#### [Extracted records]
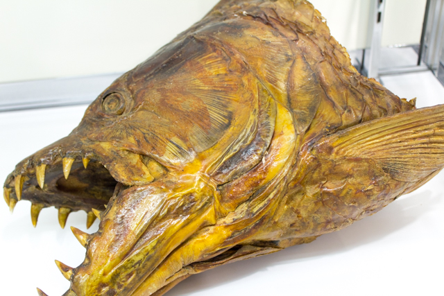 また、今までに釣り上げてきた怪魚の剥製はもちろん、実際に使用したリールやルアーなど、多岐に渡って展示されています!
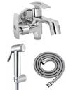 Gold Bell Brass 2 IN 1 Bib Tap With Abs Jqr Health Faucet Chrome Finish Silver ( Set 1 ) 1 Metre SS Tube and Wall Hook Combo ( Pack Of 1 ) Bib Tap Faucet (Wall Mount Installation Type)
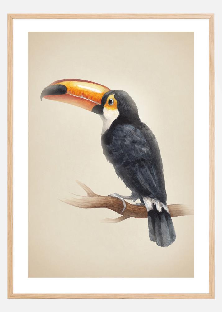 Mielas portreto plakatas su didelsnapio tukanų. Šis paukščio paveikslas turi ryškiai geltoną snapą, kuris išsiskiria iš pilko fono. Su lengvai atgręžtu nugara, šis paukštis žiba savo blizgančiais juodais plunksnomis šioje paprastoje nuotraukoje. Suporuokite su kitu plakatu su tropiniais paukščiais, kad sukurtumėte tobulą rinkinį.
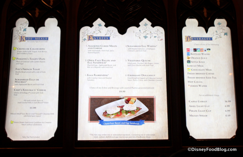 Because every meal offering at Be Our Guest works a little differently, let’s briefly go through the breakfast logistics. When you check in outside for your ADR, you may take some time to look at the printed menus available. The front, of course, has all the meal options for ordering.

...

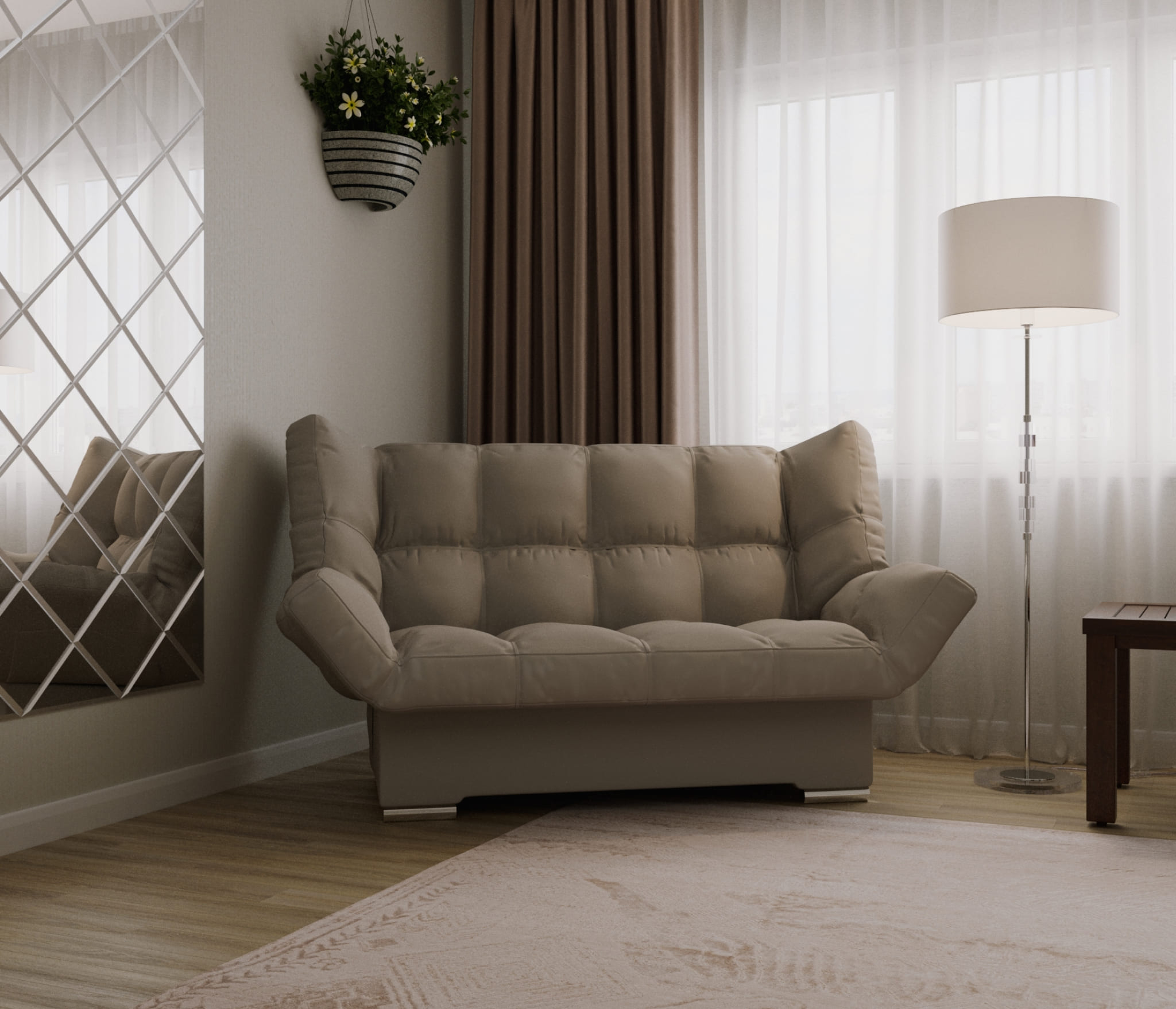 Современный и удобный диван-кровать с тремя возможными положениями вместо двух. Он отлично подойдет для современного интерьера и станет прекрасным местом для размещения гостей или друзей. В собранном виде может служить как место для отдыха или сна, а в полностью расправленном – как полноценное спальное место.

==

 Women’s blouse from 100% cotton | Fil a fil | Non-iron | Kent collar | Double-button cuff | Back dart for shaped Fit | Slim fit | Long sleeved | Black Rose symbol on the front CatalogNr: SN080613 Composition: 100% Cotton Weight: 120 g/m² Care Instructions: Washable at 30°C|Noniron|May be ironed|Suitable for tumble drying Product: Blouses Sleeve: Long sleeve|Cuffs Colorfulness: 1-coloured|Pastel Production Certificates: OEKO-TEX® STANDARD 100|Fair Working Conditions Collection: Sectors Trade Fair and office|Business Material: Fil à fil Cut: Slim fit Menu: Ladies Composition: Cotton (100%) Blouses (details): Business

#### [Your goal]
Copy needed, without pictures: the lines of the listing above from the line containing "また、今までに釣り上げてきた" up to and including the line containing "Gold Bell Brass", set down exactly.

#### [Result below]
 また、今までに釣り上げてきた怪魚の剥製はもちろん、実際に使用したリールやルアーなど、多岐に渡って展示されています!
 Gold Bell Brass 2 IN 1 Bib Tap With Abs Jqr Health Faucet Chrome Finish Silver ( Set 1 ) 1 Metre SS Tube and Wall Hook Combo ( Pack Of 1 ) Bib Tap Faucet (Wall Mount Installation Type)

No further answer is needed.